## ACTIVITY
Leaving out all pictures, copy the lines below exactly, from the line with "ケース販売3個セット サルバ 朝まで1枚ぐっすりパッド" to the last line, both ends included.
★ ★ ★
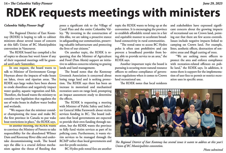 B. Currently, boaters do not have a voice in our local governments. Other organizations are persuading our government officials to change the regulations on our lakes so that boaters will no longer have the same freedoms as in the past. Please see the article on page 14 of the June 29, 2023 edition of the Columbia Valley Pioneer newspaper titled "RDEK Requests". (see Education tab) RDEK officials state they "want to talk to the Minister of Environment about the impacts of wake boats ... we request that the minister consider championing the issue and make BC the first province in Canada to put wake wake boat restrictions in place."
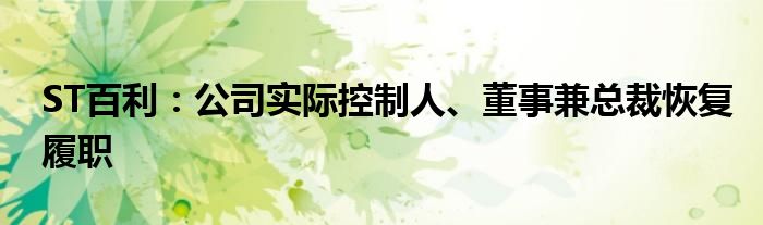ST百利:公司实际控制人、董事兼总裁恢复履职
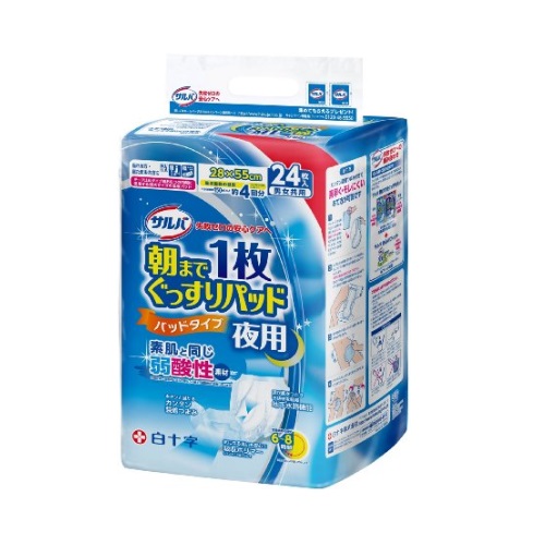ケース販売3個セット サルバ 朝まで1枚ぐっすりパッド 夜用 28×55cm 24枚入 33183 白十字
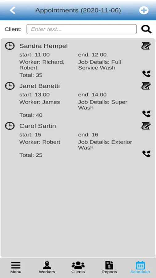 The clients section of the software can store in all services provided to a client along with client information including phone, address, email, etc. personal profiles of all clients help in retrieving all past data whenever a repeat job is being performed. The program also allows making of calls directly to the any client.
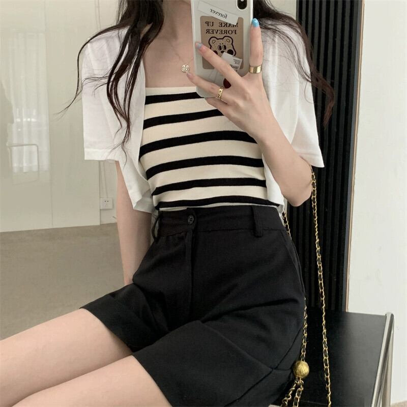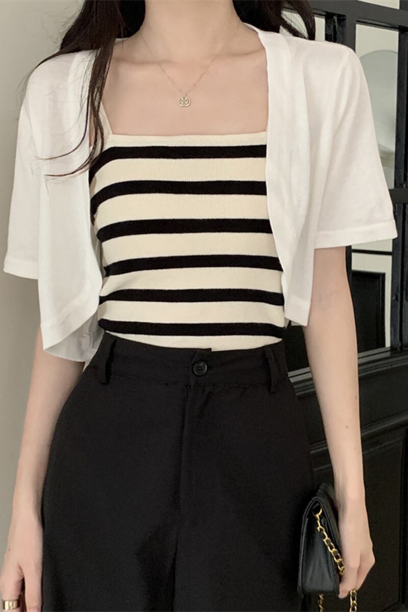 白い薄いニット半袖小さなカーディガン ジャケット、ストラップとスモックの短いアイス シルク トップの夏の小さなチョッキ ショート ホワイト サマー 夏物 7460098350899489 | framboise21
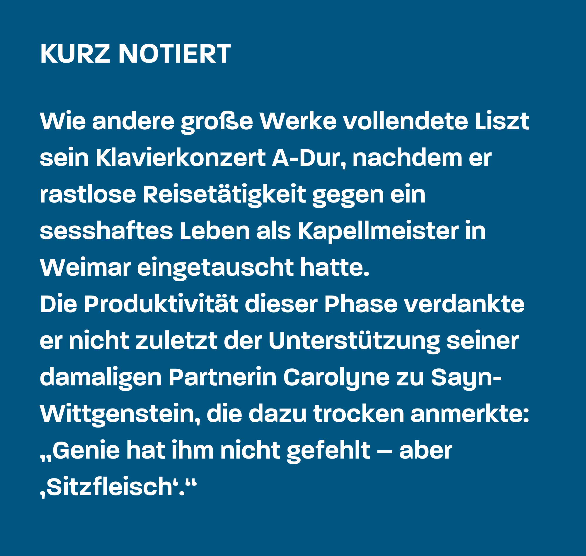 Virtuosität ist eine schwierige Sache und das nicht nur, wenn man sie hervorbringen soll. Denn obwohl wir uns oft von den Leistungen brillanter Instrumentalisten begeistert zeigen, laufen solche sportiven Einlagen immer auch Gefahr, uns von den inneren Qualitäten einer Darbietung oder eines Werks abzulenken. Wir haben, gebannt von technischen Höchstleistungen, vielleicht gar keinen Impuls mehr, einen Blick hinter die glitzernde Fassade zu werfen, was im Falle von Franz Liszts Klavierkonzert in A-Dur allerdings eine ziemliche Verschwendung wäre.
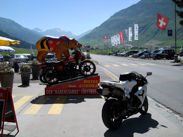 Kada se predje preko passa polako se u dolini ukazuje i grad sa druge strane Andermatt......nego mnogo nesto reklamiraju medvede mora da ih ima tuda.....
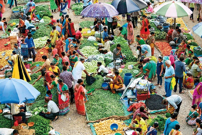 2019年7月8日,人们在印度艾哈迈达巴德的菜市场买菜
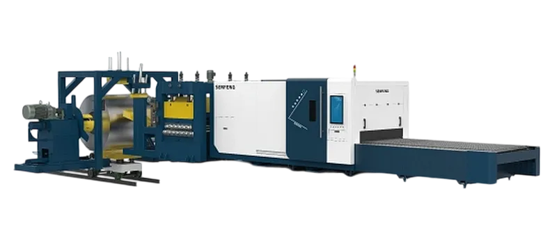 Senfeng SF2012CH - сверхмощный автоматизированный комплекс лазерной резки предназначенный для высокоскоростного раскроя металла, поставляемого в рулонах. Лазерная установка с кабинетной защитой, входящая в состав комплекса, может быть оснащена излучателями мощностью от 12 кВт до 80 кВт.
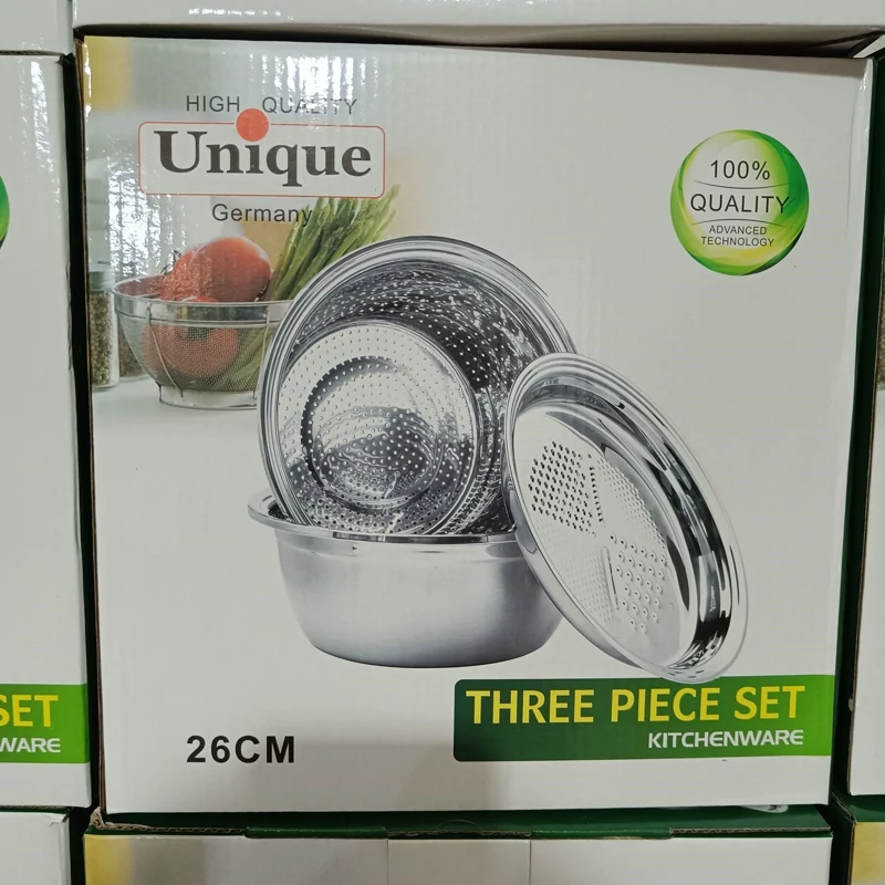 ✅️ست سه تکه آبکش، لگن و رنده استیل یونیک
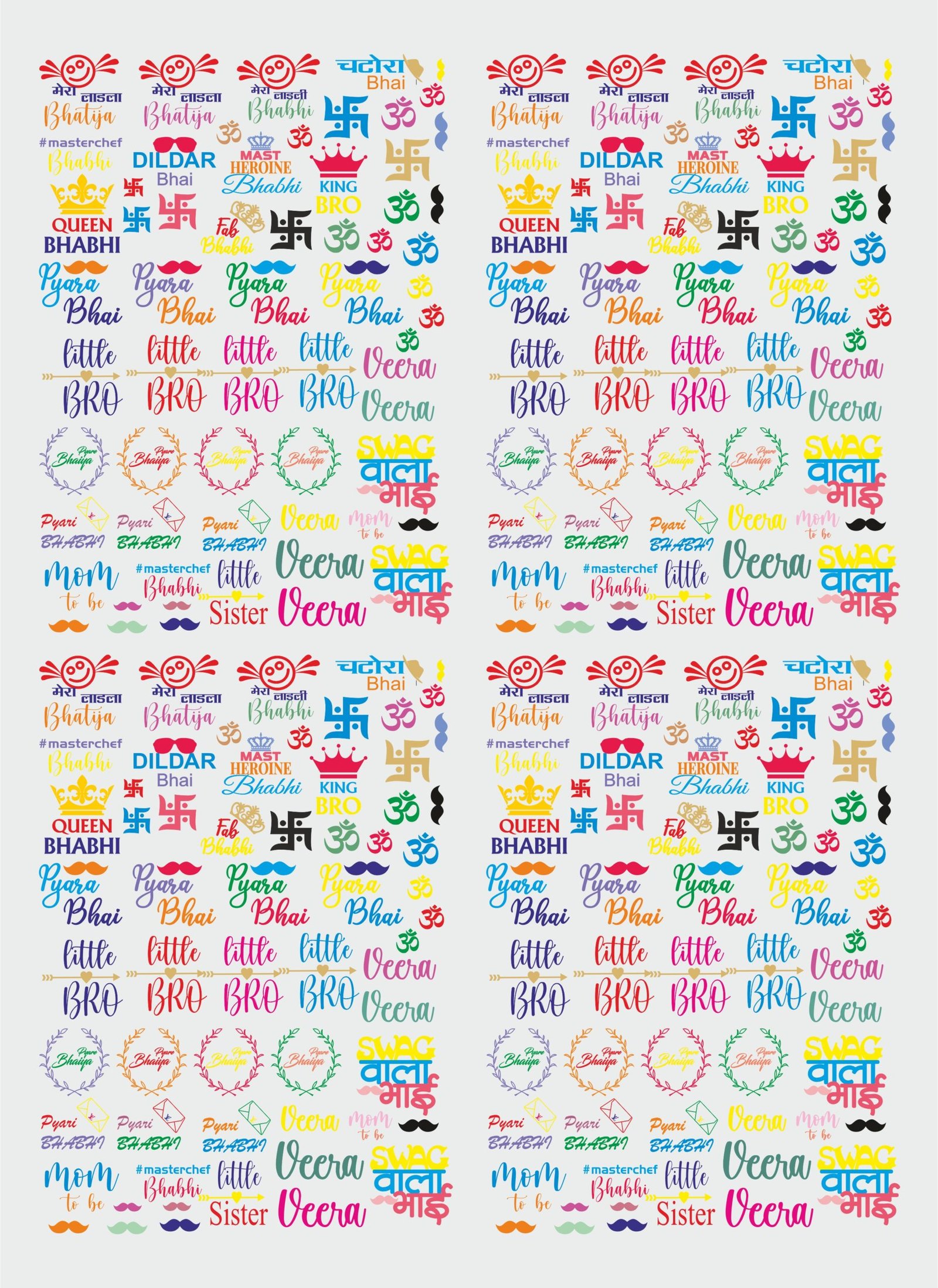 Rakhi Family Quotes & Typography UV DTF Stickers – Bhai, Bhabhi, Veera Designs
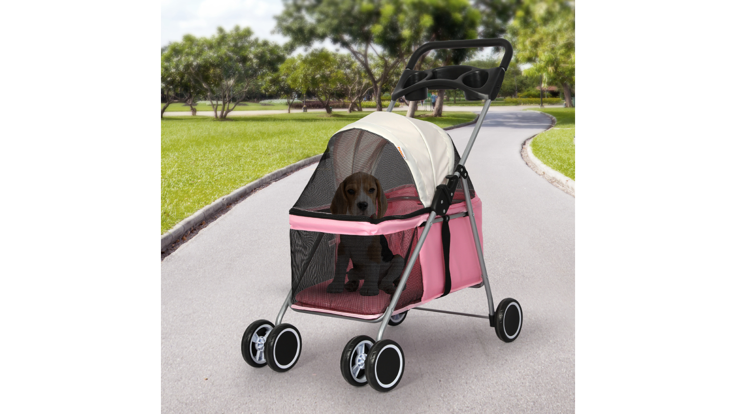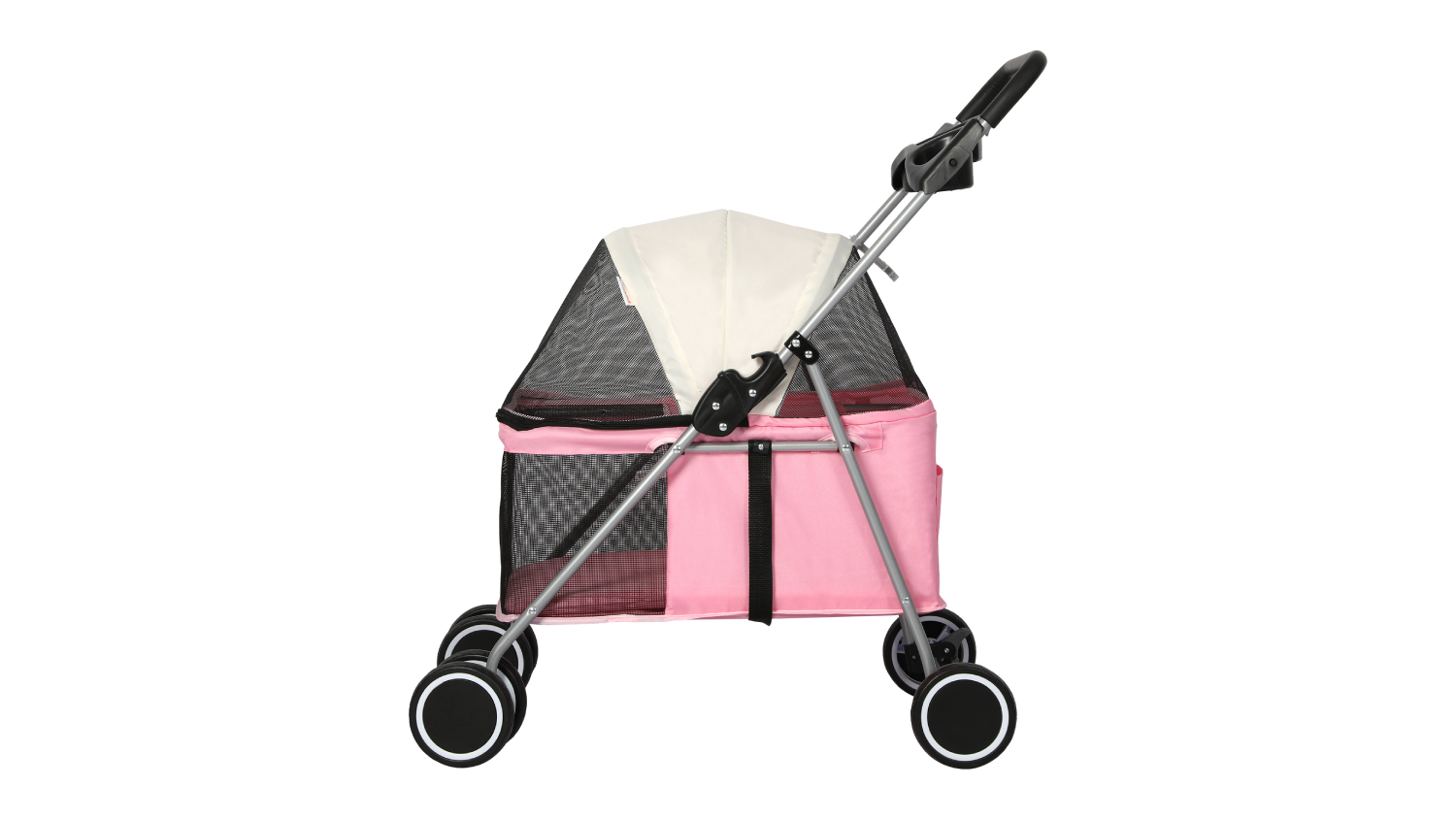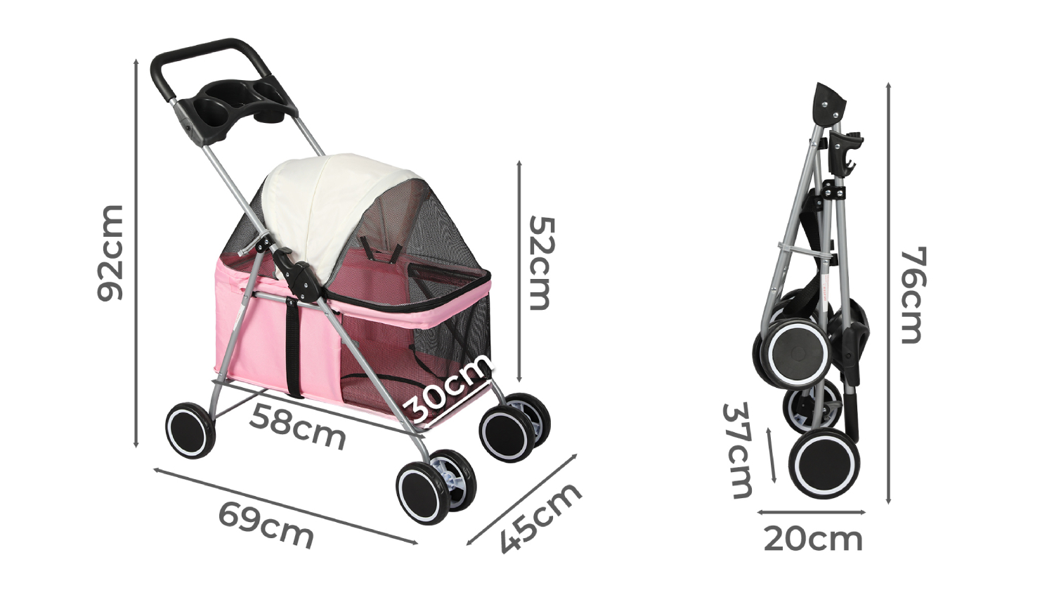 PaWz Folding Domed Pet Stroller with Drink Holder - Pink
★ ★ ★
## ANSWER TO THIS PROBLEM
ケース販売3個セット サルバ 朝まで1枚ぐっすりパッド 夜用 28×55cm 24枚入 33183 白十字
 The clients section of the software can store in all services provided to a client along with client information including phone, address, email, etc. personal profiles of all clients help in retrieving all past data whenever a repeat job is being performed. The program also allows making of calls directly to the any client.
 白い薄いニット半袖小さなカーディガン ジャケット、ストラップとスモックの短いアイス シルク トップの夏の小さなチョッキ ショート ホワイト サマー 夏物 7460098350899489 | framboise21
 Virtuosität ist eine schwierige Sache und das nicht nur, wenn man sie hervorbringen soll. Denn obwohl wir uns oft von den Leistungen brillanter Instrumentalisten begeistert zeigen, laufen solche sportiven Einlagen immer auch Gefahr, uns von den inneren Qualitäten einer Darbietung oder eines Werks abzulenken. Wir haben, gebannt von technischen Höchstleistungen, vielleicht gar keinen Impuls mehr, einen Blick hinter die glitzernde Fassade zu werfen, was im Falle von Franz Liszts Klavierkonzert in A-Dur allerdings eine ziemliche Verschwendung wäre.
 Kada se predje preko passa polako se u dolini ukazuje i grad sa druge strane Andermatt......nego mnogo nesto reklamiraju medvede mora da ih ima tuda.....
 2019年7月8日,人们在印度艾哈迈达巴德的菜市场买菜
 Senfeng SF2012CH - сверхмощный автоматизированный комплекс лазерной резки предназначенный для высокоскоростного раскроя металла, поставляемого в рулонах. Лазерная установка с кабинетной защитой, входящая в состав комплекса, может быть оснащена излучателями мощностью от 12 кВт до 80 кВт.
 ✅️ست سه تکه آبکش، لگن و رنده استیل یونیک
 Rakhi Family Quotes & Typography UV DTF Stickers – Bhai, Bhabhi, Veera Designs
 PaWz Folding Domed Pet Stroller with Drink Holder - Pink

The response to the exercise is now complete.